Buying a cottage: Top five questions to ask

(NC) — Cottage season officially begins after Victoria Day on 25 May 2012. Cottaging is arguably the favourite summer pastime of many Canadians, so it's no surprise that at some point many Canadians consider purchasing a cottage of their own.


And while many think of their cottage as a solid real estate investment, purchasing a cottage without doing all your homework can lead to serious headaches.


Before rushing to buy, Richard Harrison, the cottage finance expert at Meridian, Ontario's largest credit union, suggests there are five key questions to ask yourself before diving in to cottage ownership.


1. How much use will the property realistically get? Summers are short and schedules are busy. How much will the cottage actually be used? Do you plan on renting it out to supplement your income?


2. Have you considered all the costs? Similar to purchasing a home, there are costs associated with the purchase of a cottage beyond the initial price tag. Additional costs such as taxes, maintenance, and travel should all be budgeted.
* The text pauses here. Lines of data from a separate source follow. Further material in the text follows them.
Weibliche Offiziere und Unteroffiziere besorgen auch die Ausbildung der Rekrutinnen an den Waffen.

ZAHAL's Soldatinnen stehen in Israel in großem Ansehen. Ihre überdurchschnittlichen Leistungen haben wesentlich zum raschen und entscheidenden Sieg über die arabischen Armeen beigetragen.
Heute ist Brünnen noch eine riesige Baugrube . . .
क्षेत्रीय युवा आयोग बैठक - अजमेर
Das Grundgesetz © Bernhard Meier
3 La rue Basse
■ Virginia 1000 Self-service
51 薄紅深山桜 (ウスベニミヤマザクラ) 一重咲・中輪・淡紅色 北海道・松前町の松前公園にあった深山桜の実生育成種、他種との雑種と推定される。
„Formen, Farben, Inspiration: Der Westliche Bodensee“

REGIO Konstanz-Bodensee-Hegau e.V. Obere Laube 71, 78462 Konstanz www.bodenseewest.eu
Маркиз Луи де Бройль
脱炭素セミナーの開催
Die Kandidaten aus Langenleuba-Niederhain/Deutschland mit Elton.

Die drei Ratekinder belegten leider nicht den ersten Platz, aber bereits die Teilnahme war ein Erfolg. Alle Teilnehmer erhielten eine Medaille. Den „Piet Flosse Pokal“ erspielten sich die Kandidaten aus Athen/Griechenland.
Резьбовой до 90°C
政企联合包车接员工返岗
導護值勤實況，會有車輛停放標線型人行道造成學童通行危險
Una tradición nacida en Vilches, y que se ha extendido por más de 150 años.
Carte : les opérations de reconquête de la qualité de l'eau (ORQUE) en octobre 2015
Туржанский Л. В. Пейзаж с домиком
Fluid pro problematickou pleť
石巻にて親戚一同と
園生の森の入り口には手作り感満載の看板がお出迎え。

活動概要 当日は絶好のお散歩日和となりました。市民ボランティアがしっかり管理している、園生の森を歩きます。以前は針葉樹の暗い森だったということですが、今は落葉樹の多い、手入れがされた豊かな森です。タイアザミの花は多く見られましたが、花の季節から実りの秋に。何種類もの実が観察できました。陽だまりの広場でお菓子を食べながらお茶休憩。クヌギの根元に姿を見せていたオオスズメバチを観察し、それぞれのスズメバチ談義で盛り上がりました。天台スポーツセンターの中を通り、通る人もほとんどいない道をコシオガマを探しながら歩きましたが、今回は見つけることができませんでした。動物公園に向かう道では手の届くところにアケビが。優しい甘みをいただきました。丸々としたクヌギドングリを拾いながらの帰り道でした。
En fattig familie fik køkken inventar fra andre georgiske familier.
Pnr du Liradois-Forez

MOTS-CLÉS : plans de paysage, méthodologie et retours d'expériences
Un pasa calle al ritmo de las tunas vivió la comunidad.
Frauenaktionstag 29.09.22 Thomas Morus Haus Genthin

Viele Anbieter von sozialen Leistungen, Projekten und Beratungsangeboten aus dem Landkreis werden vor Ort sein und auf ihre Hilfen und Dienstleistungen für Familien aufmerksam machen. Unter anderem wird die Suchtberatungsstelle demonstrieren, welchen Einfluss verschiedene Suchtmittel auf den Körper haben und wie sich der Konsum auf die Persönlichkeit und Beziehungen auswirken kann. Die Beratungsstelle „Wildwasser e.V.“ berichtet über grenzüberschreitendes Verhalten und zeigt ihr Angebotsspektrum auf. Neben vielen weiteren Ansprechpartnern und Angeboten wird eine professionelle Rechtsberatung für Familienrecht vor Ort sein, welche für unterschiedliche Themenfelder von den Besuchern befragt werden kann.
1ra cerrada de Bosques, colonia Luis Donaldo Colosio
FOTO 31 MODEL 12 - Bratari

3. Have you shopped around? Popular cottage destinations can lead to overheated markets. Have you done enough research and considered all the options?


4. Is it a good investment? Buying a cottage may mean that most of your savings are in real estate, does this make sense for you financially? Will the property appreciate?
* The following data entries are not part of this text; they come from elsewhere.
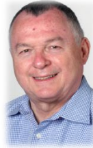
Bernard Besson ex DGS Les aspects philosophiques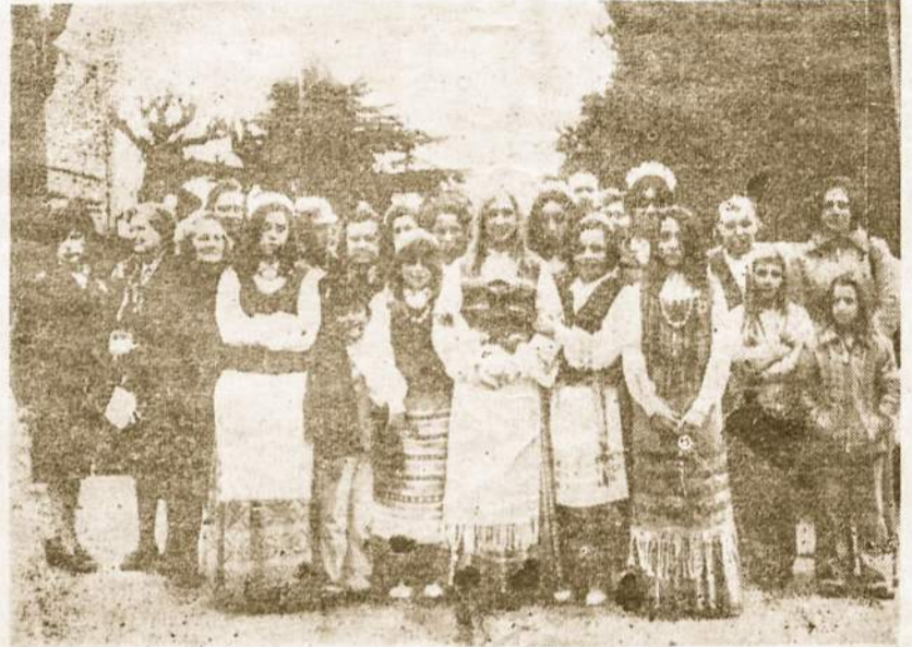
Birutietės ir jaunosios birutietės laukia Jūsų malonaus atsilankymo į jų 55-rių metų meane šventę, kuri įvyks lapkričio 30 d. 12 - 13 val., c. Jorge 330 - Adroque.

davo daug publikos, nes čia vyravo šeimin'ska nuotaika. Vėliau su kitais drauge, organizuoja lietuviams argentinų kalbos kursus viniems ir taip pat organizuoja lietuvių kalbos - kitiems. Rengia bendras Kūčias visur ir visada palaikydamos lietuviškus papročius. Tenka pažymėti, kad Birutės d-ja pradėjo pirmoji ruošti Motinos Dienos m'nėjimus. Dar savų patalpų neturėdamos samdo sales, bet publikos niekad netrūksta. Stegiant lietuvišką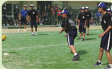
【グループマッチ・クラスマッチ】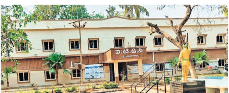
పటూరు నాగారంలోని ఐటీడీఎం కార్యాలయం

ఐటీడీఎం పాలకమండలి సమావేశం నిర్వహణపై అధికార యంత్రాంగం తీవ్ర నిర్లక్ష్యం కనబరుస్తున్నది. వ్యాపారానికి ప్రతి మూడు నెలల కోసాని నిర్వహించాల్సి ఉండగా ఐదేండ్లు దాటితూ దాని ఊసే ఎక్కడం లేదు. సమస్యలు, సంక్షేమ పథకాలపై చర్చ జరిగితే నిధులు కేటాయించే అవకాశం ఎక్కువగా ఉంటుంది. కానీ 2019 డిసెంబర్ 20న నిర్వహించిన 60వ పాలక మండలి సమావేశం చివరిదిగా మిగిలిపోయింది. దీంతో గిరిజన సంక్షేమపై నీటిరీడలు కమిషన్లు అభివృద్ధి ముందుకు సాగడం లేదు. సబ్సిడీ పథకాలు అర్జులకు అందకుండా వెళ్లి రిస్తున్నాయి. ఇప్పటికైనా ఐటీడీఎం పాలకమండలి సమావేశం నిర్వహించి తమ సమస్యలు పరిష్కరించాలని అడవి బిడ్డలు కోరుతున్నారు.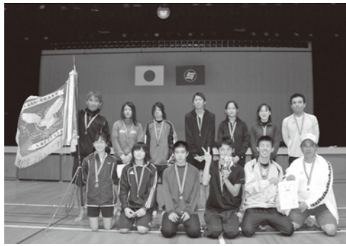
優勝した、アガサチームのメンバー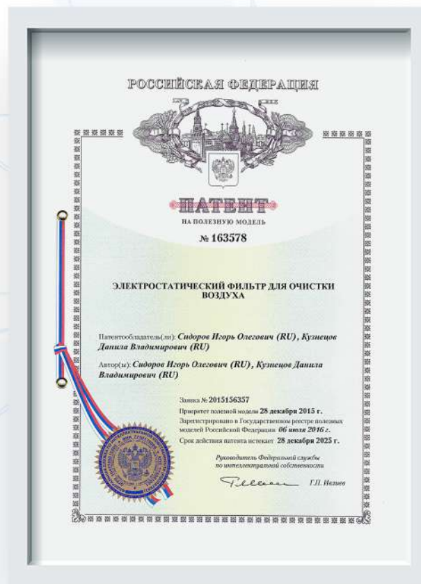
Патент электростатический фильтр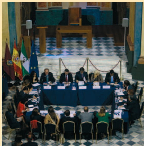
El Oratorio San Felipe Neri acogió la reunión de la Junta.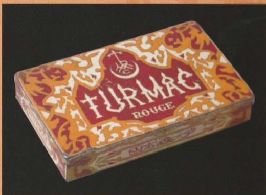
Blikverpakking ca.1925, inh. 25 cigarettten vervaardigd door Waldorf Astoria in Munchen-Stuttgart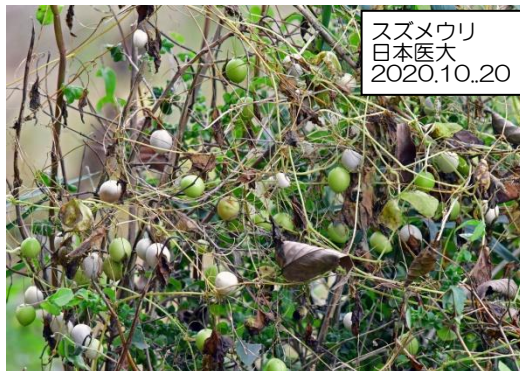
スズメウリ 日本医大 2020.10.20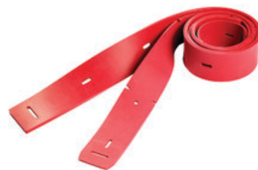
Stírací gummy do sací lišty pro podlahové mycí stroje Nilfisk 860mm linatex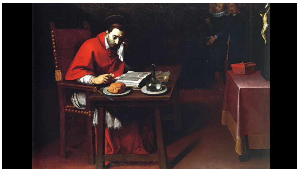
Fig. 1: Daniele Crespi, Il digiuno di San Carlo , 1628-1629, olio su tela, 190×265 cm, Chiesa di Santa Maria della Passione, Milano

Quando in un altro suo testo Manganelli ci fa notare, nella meditazione di Carlo Borromeo dipinta da Daniele Crespi, il dettaglio del coltello che sporge verso di noi dal desco frugale del Santo, ci mostra tutta l'aggressività con la quale l'immagine «punta alla gola dello spettatore, del devoto» 105 .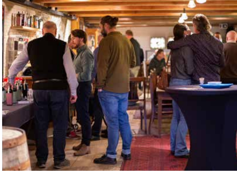
In 2019 vond wederom een succesvol Stokersfestival plaats.

Hoogtepunt van de dag was de lancering van 'Duivelsgeluk', de speciale variant van de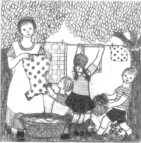
Zum „Muttertag“. Arbeit einer 13jährigen Schülerin aus der Jugendkunstklasse Prof. Cizeks. (Veröffentlicht in der JRK-Zeitschrift, Wien)

dafür eintritt, nur vegetierend dort, wo ihm aus irgendwelchen Gründen die freudige Mitarbeit der Lehrerschaft versagt bleibt. Es kann ohne Übertreibung gesagt werden: Aus zehntausenden, vielleicht hunderttausenden Schulen auf Erden — auch aus einigen tausend österreichischen Schulen — ist das Jugendrotkreuz nicht mehr fortzudenken.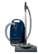
Complete C3 Electro Plus EcoLine SGSH2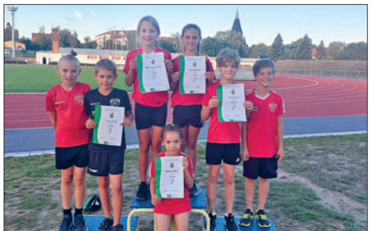
das Lampertswalder Team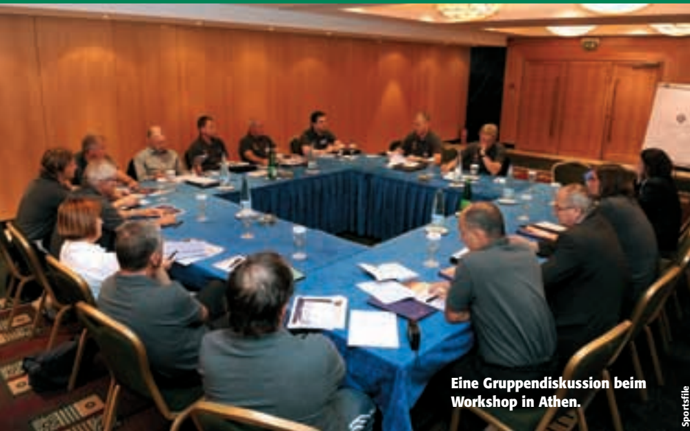
Eine Gruppendiskussion beim Workshop in Athen.

5. What financing is available to you? Cottages often fall into one of two categories and not all cottages qualify for traditional mortgages. Type A properties include cottages that can be utilized all year road and have features similar to residential homes such as running water and central heating systems. Type B cottages on the other hand are classified as more rustic properties with minimal creature comforts and are often not winterized.


“Financing for Type A properties is often treated like financing a second home with traditional mortgage options applicable to them,” says Harrison. “On the other hand, most Type B properties are not eligible for traditional mortgages and instead, personal loans are often extended to finance the property.”


Harrison recommends that interested cottage buyers do their research and work with a trusted financial advisor and real estate agent to make sure their getting the best possible value in their cottage investment.